Fourth, there is a danger in refusing Kenya the opportunity to exercise its jurisdiction over the crimes under the principle of complementarity. Kenya has one of the best developed judiciaries in Africa. It is also one of the few African states to have domestically implemented the Rome Statute, and the resulting legislation is impressive and progressive. In fact, until recently, Kenya was a model ICC state. If Kenya does not meet the threshold for complementarity, the implication is that neither would the overwhelming majority of other African states, making the principle a dead letter in Africa. This would be a sad reflection on domestic legal systems in Africa, and would embolden those who wish to present the ICC as an imperialistic mechanism on a “civilising mission”.

Procedurally speaking, Kenya’s dilatory response to the atrocities means it has already missed chances to halt proceedings on the basis of complementarity. However, complementarity is in substance an continuing assessment. To consider it formalistically — as a static determination reified in time — would allow the ICC to turn a blind eye to positive domestic developments and undermine the principle’s worth.

Presuming there is genuine political will in Kenya to go it at home, Kenya’s newfound vigour for domestic prosecutions might be accommodated by the prosecutor exercising his discretion under article 53(4) of the Rome Statute to halt his investigation on his own accord based on new facts or information. There is no direction in the statute on what new facts of information might form the basis of such a decision, but the initiation of local proceedings could qualify.

What is more, there is no limitation on when such a decision can be taken. Based on the increased push by Kenya to be allowed to deal with the matter itself, O’Campo might use this article to conditionally suspend his investigation on the understanding that Kenya pursues its own investigations and prosecutions. The prosecutor could then monitor the proceedings in Kenya and, if he is not satisfied with them, either resume his investigations or (if necessary) approach the pretrial chamber for a renewed mandate to do so. This would be a unique example of complementarity at work.
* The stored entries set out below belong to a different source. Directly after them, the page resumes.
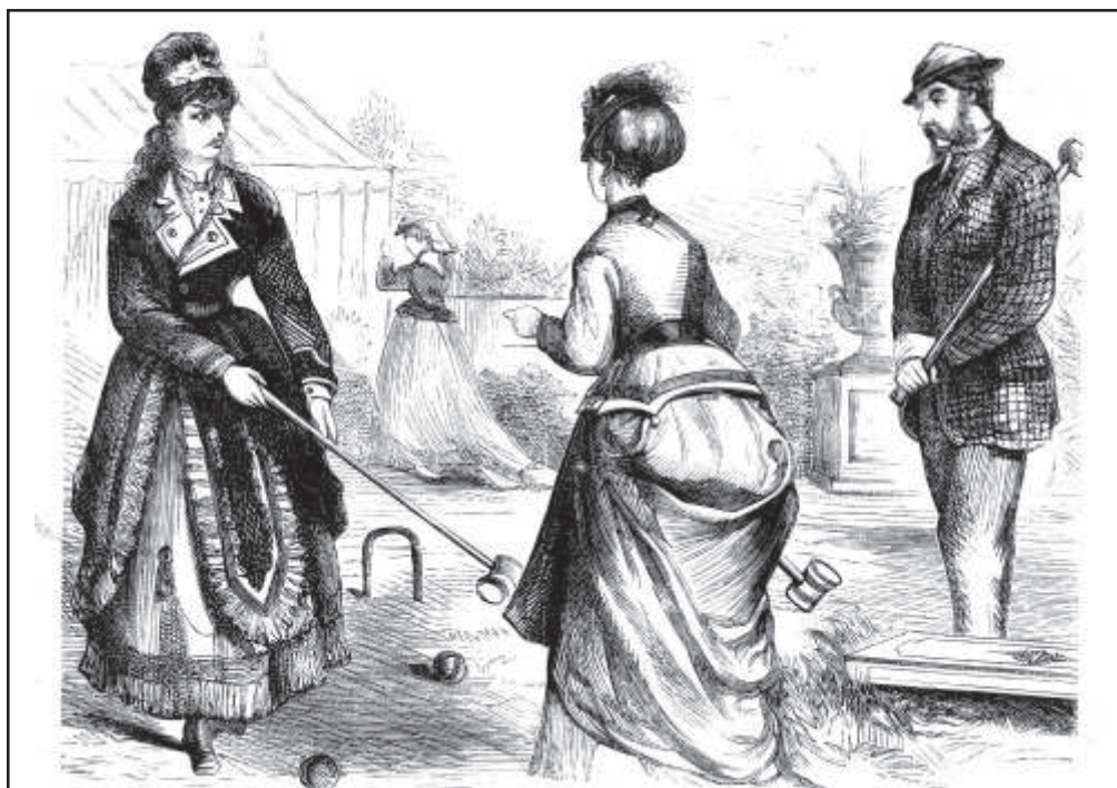
FACT VERSUS FANCY.
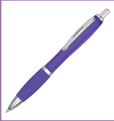
Frosted Magenta Pen £500+VAT 1 colour printed logo
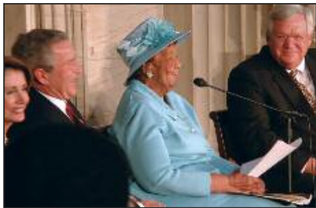
Dr. Dorothy Height, President Emeritus of the National Council of Negro Women on Feb. 14, 2006 just 38 days before her 95th birthday.
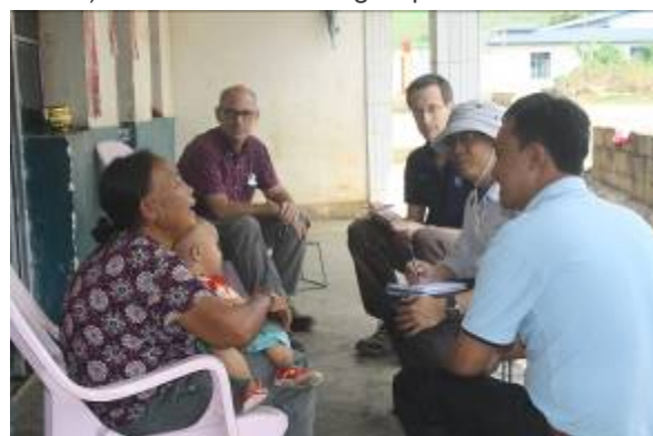
OCHA talks to community members during a mission to Kokang in September 2015.

According to the Relief and Resettlement Department in Lashio, of the 60-70,000 people who fled to China after fighting broke out in February, some 8,000 people remain across the border, while others have now returned. People have primarily returned to the Laukkai area and in the area south of Laukkai. The Government has said it plans to accommodate IDPs who remain in China in three transit centers, where they will be provided with assistance and screened before returning.
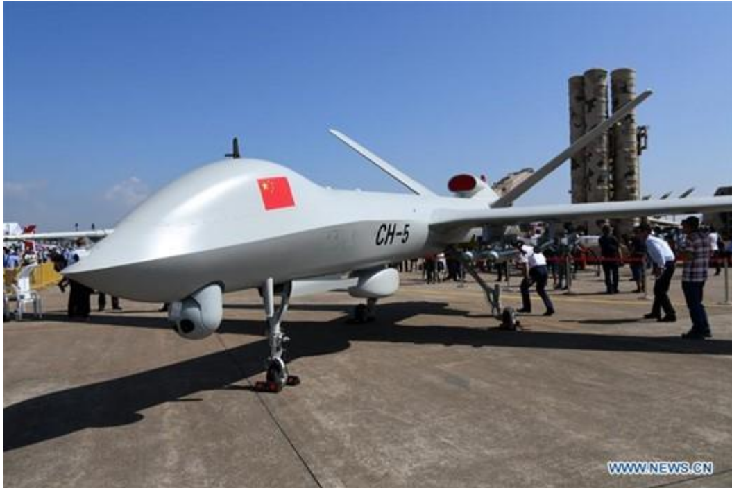
Figure 13: CH-5 UAV on display at the 12th China International Aviation and Aerospace Exhibition 599
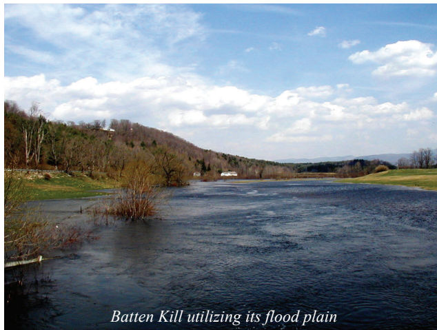
Batten Kill utilizing its flood plain

Fortunately, restoration of a riparian buffer is a fairly simple process. The easiest, but slowest, method of restoration is simply moving the impact (possibly a tilled field or trail) away from the stream and allowing the area to naturally revegetate. Over several years, a mix of grasses, trees, and shrubs will establish themselves. A more effective restoration process involves the active planting of native riparian species, such as red-osier dogwood, willow, fern, maple, and birch.
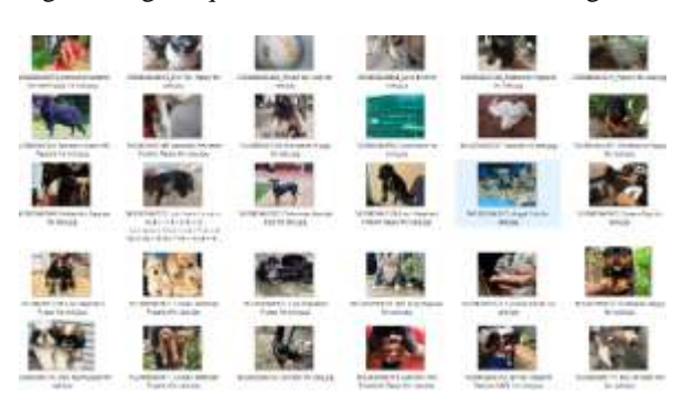
Fig 4- Kaggle Image Search API animal images
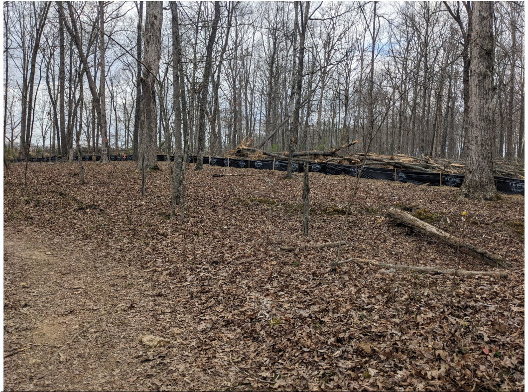
Groves construction site as seen from the perimeter trail in Bowie Park

Two construction sites adjacent to Bowie Nature Park are currently active. The City Center site has a main entrance on Highway 100. Part of its southern boundary forms part of Bowie Park's northern boundary. The Groves parcel connects to the City Center site, and is also adjacent to Bowie Park's northern boundary. The City Center is planned to be a multi-use development with retail and office space as well as multi-unit housing and single-family housing. The plan for the Groves parcel includes 160+ single-family homes on lots ranging from 1/4 acre to 1/2 acre. Pre-construction clearing has begun. Both sites are currently being accessed mainly through the City Center entrance on Highway 100.
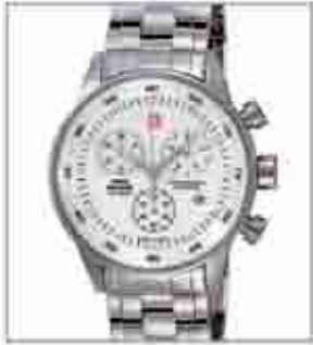
80245TM [Unisex] from €110
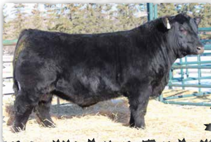
PEAK DOT LANCASTER 8K - LOT 64
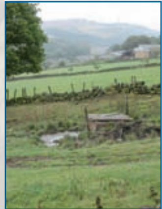
Site of old well used for drinking water

The villages of Ashopton and Derwent were demolished when the Ladybower reservoir was built in the late 1930s and early 1940s. George Townsend, was born in 1929 at Rose Cottage, “Ashopton was very quiet during the week and hardly anyone had a car ... fairly busy on Sundays in the summer with bicycles, a few mollymorgans (two wheels at the front and one chain driven wheel at the back) and a few motorbikes. There were two shops ... a post office, Ashopton Inn, two petrol pumps and a joiner’s shop ... a Methodist chapel, .. stained glass window is now in the Hope Sunday School. Joel Marshall worked ... making carts, at the joiners shop, making coffins etc. ... no tractors, all horsepower. I remember a steam lorry one day bringing beers to Ashopton Inn. There was a bus service to Sheffield. The butcher came once a week, he was called Percy Law. Hancocks from Bamford brought orders, groceries etc. round every week. There weren’t many telephones, no electricity, there was a phone box. We had a wireless which not many people had. My father and mother used to make teas for people on Sundays. One man used to come every Sunday, wet or fine, he had two eggs, two boiled eggs. We had our milk from Tonbridge at Jackend Farm.” The family moved to a small-holding at Thornhill in 1939.
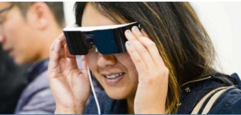
New AR/VR technology
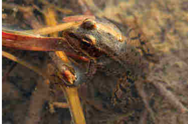
Fig. 44.7 Bedriaga's Frog, Pelophylax bedriagae (Camerano, 1882) Ranya, Northern Dukan Lake dam.

Large species with smooth or slightly rough dorsal skin, in a variety of colors from cream to green with irregular brown blotches and some of the individuals have a long green vertebral line. Males have two vocal sacs on either side of their head.
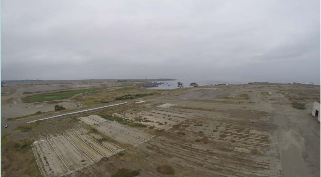
Looking south-west from about the Redwood Street area
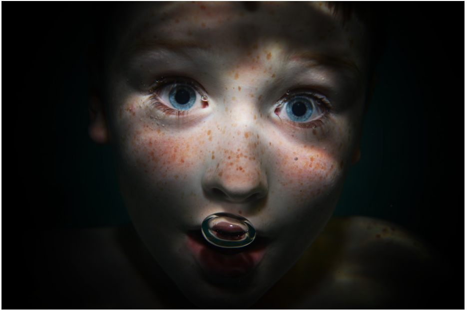
Boy , 2014 Photomedia 3000 x 3000 cm2 $3,000
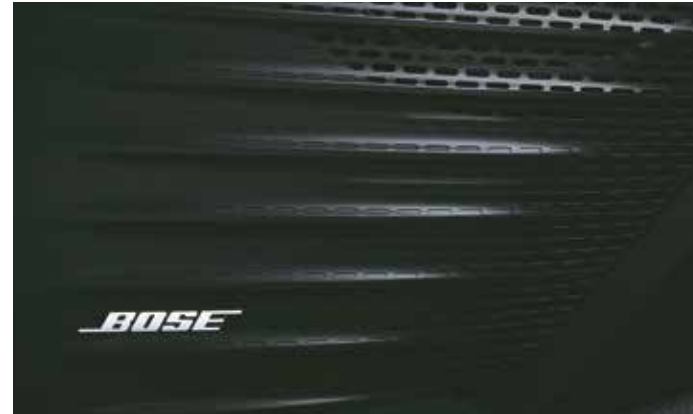
Bose premium 7 speaker system
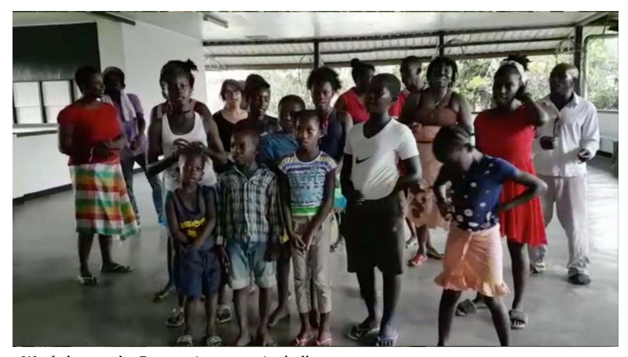
Workshop at the Botopasi community hall
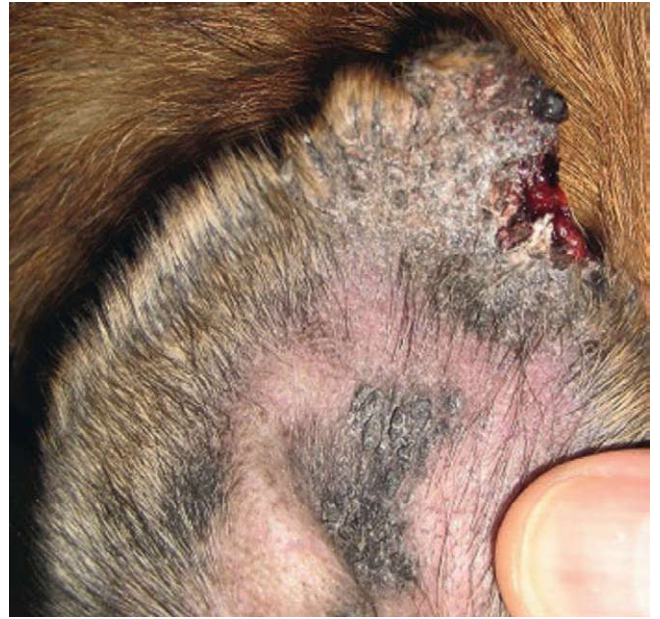
FIGURE 9-49 The pinna is a very common site for vasculitis lesions to occur, and this chronic case shows a variety of vascular lesions, alopecia, hyperpigmentation in a linear pattern, scarring, scale, ulceration, crusting, and necrosis, which has led to loss of tissue and altered shape to the apex of the pinna.
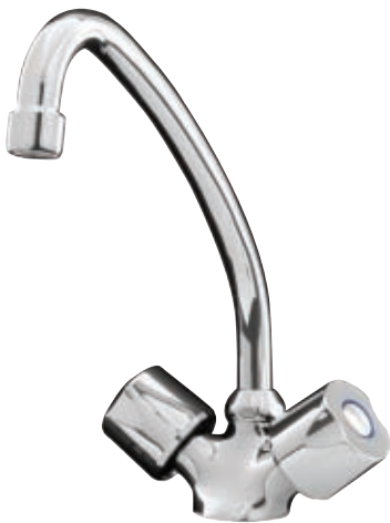
Value Monobloc – Monobloc AVCOM3
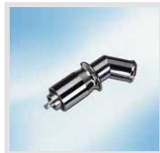
Gas probe for anaesthetic gas scavenging systems AGSS-C
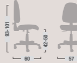
LM 14 Sedia dattilo ergonomica alta senza braccioli mov. 10L. High ergonomic typing chair without armrests mov. 10L.
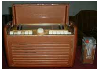
GE 260 w/ rechargeable battery Rudy Zvarich
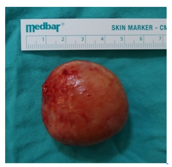
Figure 4 Postoperative pathology specimen.

Histopathological examination revealed that the mass was a mature cystic teratoma with hairy sebaceous material in the lumen (Figure 5). No complications developed in the postoperative period or the one-year follow-up period of the patient and no additional treatment was planned.
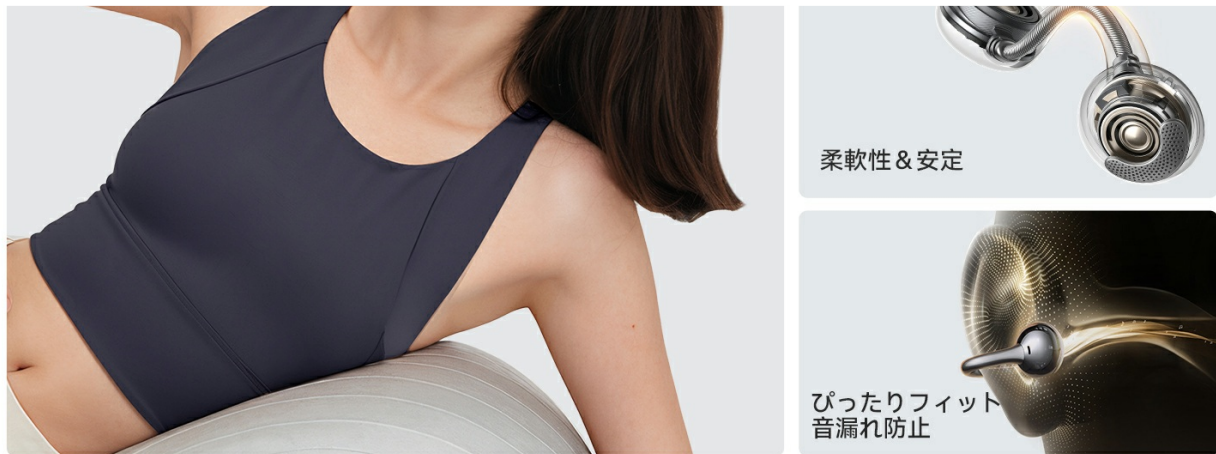
Figure 7: IPX4 water resistance for worry-free use during exercise and in light rain.

The earbuds are rated IPX4 water-resistant, protecting them from splashes and sweat. This makes them suitable for workouts and outdoor activities without worrying about light rain or sweat.
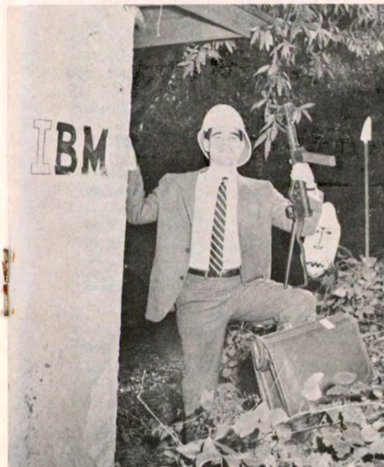
Left: The Nairobi Sales Office is the first branch to open up the East African Territory. The tremendous sales possibilities of this area are certain to be fully realized just as soon as our employees quit disappearing.

The next annual meeting will be held in the Imperial Hotel in Toyko on December 23, 1963 at 3:15 P.M. B.Y.O.L. Let's have better attendance next time, huh? It was such a poor turn out in Rangoon last year that we decided to kiss it off for a few years—it just wouldn't be worth the trouble.
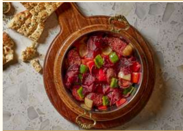
سجق وبسطرمة بالخضار - Sucuk & Pastrami with Vege pastrami - tomatoes - red and green bell peppers - white onions
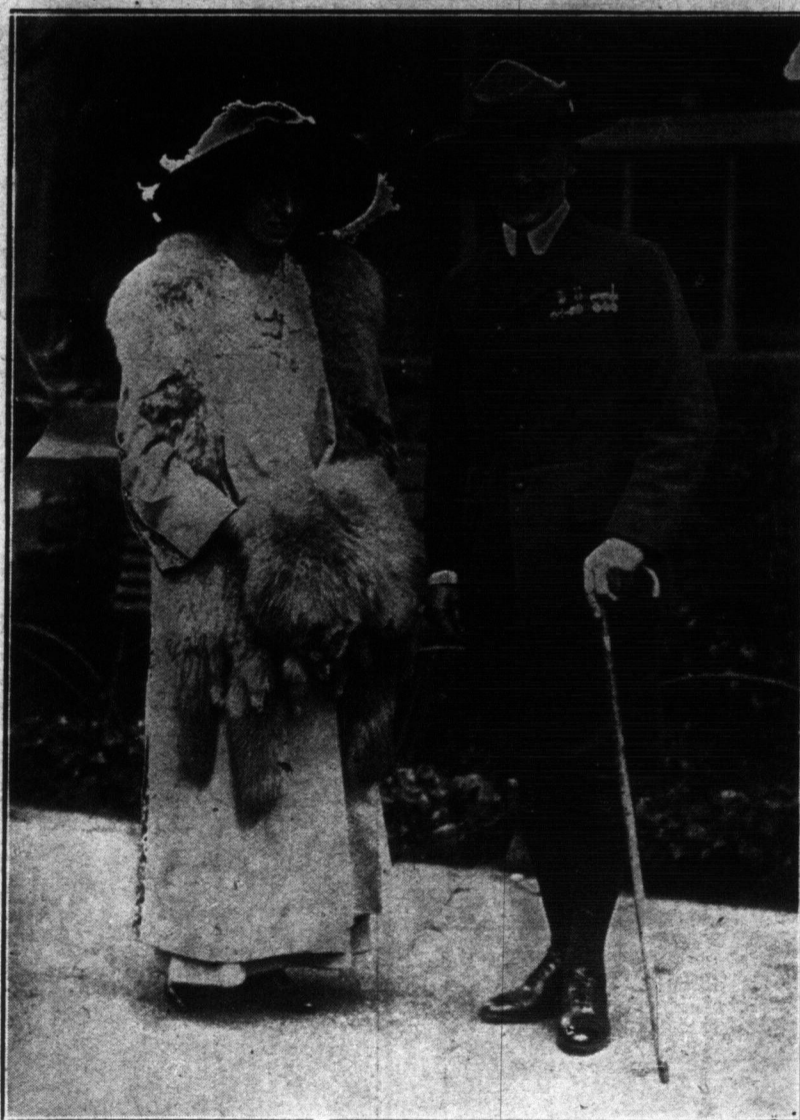
GENERAL BADEN POWELL AND LADY BADEN POWELL.
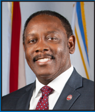
Orange County Mayor Jerry L. Demmings
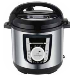
HH-B517/HH-B617 5L 900W/ 6L 1000W
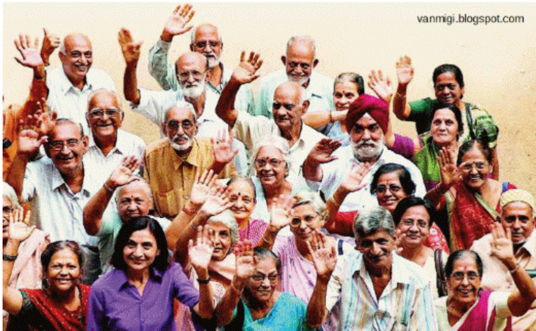
Figure 7: senior-citizens

Question 13 refers to the following graphic
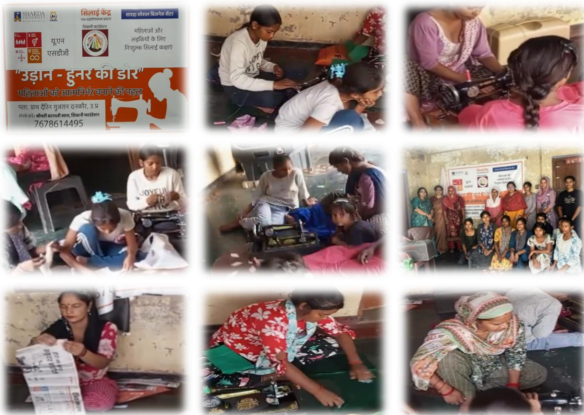
Sewing classes at Dhankaur village

Sewing classes were initiated near Dhankaur village, where 25 girls have been trained in tailoring skills. This initiative has helped enhance their confidence, employability, and opportunities for income generation.
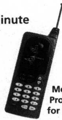
Motorola Profile™ 300 phone for $9.95

includes 100 wireless minutes a month and residential long distance as low as 9¢ per minute and unlimited paging at no extra charge plus if you sign up now, you get 300 bonus wireless minutes.
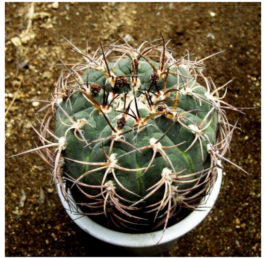
G. cardenasianum (光琳玉(亀甲))
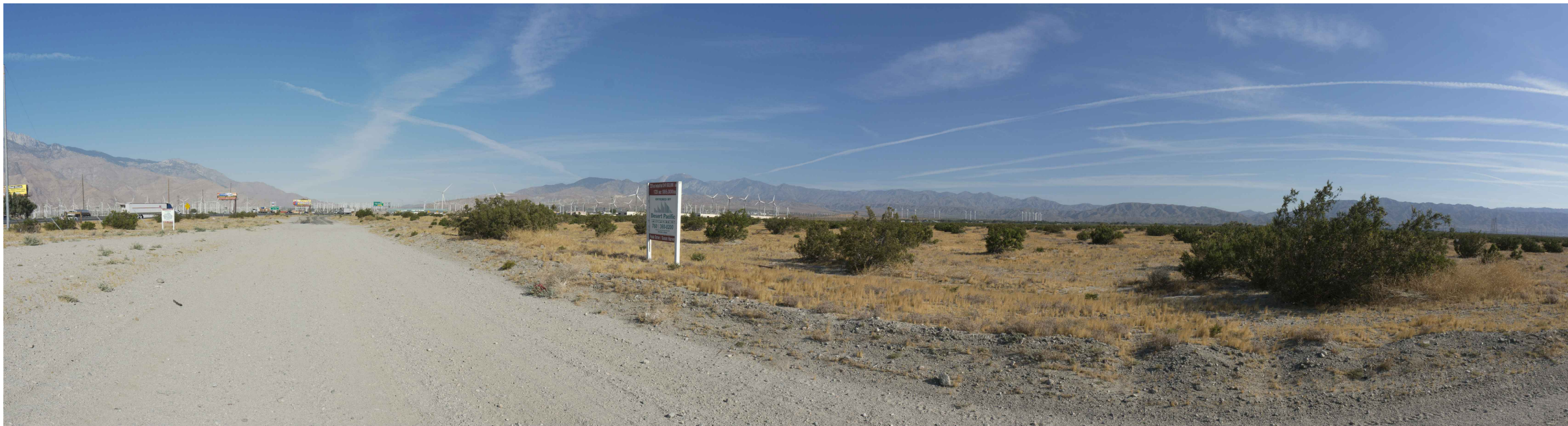
PHOTOGRAPH NO. 4: SOUTH EAST CORNER
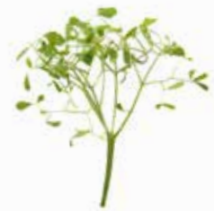
parsley pea tendril (04PPT-33)
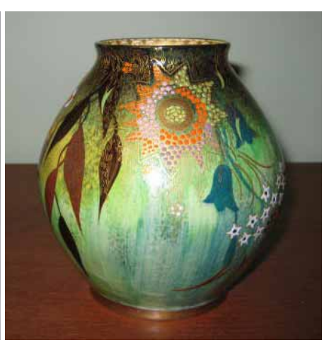
Shape 456 Shape 457 Shape 463
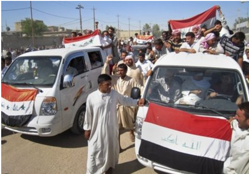
Falluja: Mourners yell condemnation of U.S. armed forces during a funeral procession for people killed in a raid in Fallujah west of Baghdad, Iraq, Sept. 16, 2010.

IF YOU DON'T LIKE THE RESISTANCE END THE OCCUPATION
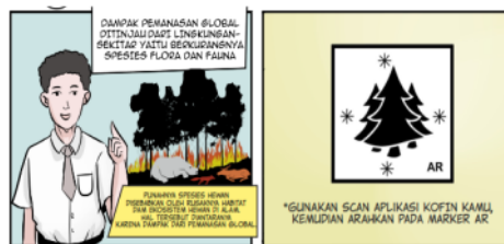
Fig.2. The sample of the dialogues related to marker.

Scanning the marker will bring up the global warming phenomenon following the learning objectives. Fig. 3 shows the video that appears as an AR phenomenon in the form of a 3D video. With a simple design and focus on core concepts and theories about global warming, students have a learning experience. In this video, students can repeat, move markers, and see from various directions to show interest in this material.

Naturally, any decision on complementarity would involve weighing difficult factors. To push ahead with the ICC’s investigation might further alienate Africa at a time when the ICC and the continent are locked in an antagonistic dance. It is also not clear that the ICC will be able to secure Kenya’s future co- operation in any ICC-related investigation. So, too, the prosecutor will have every reason to be cynical of Kenya’s newfound enthusiasm for domestic trials, just as Kenya’s victims of mass atrocities ought to be exhausted by the tired slogan of “African solutions for Africa’s problems”. The drafters of the Rome Statute foresaw the risk of such political manoeuvring. They guarded against it by insisting that the complementarity principle may not be abused by a state merely wishing to shield its own from justice. If that was the true domestic motive for invoking complementarity, then the drafters made it clear that the ICC would close the impunity gap and be accorded jurisdiction.

If Kenya’s complementarity request is approved, that success would place a rightfully heavy burden on Kenya — to show the world that its courts and prosecutors are genuinely willing and able to prosecute domestically. Kenya should thus be careful what it wishes for. And if Kenya’s posturing is a political ploy to protect its powerful, then the ICC will remain in the picture — something a large majority of Kenya’s population have all along insisted is a good thing.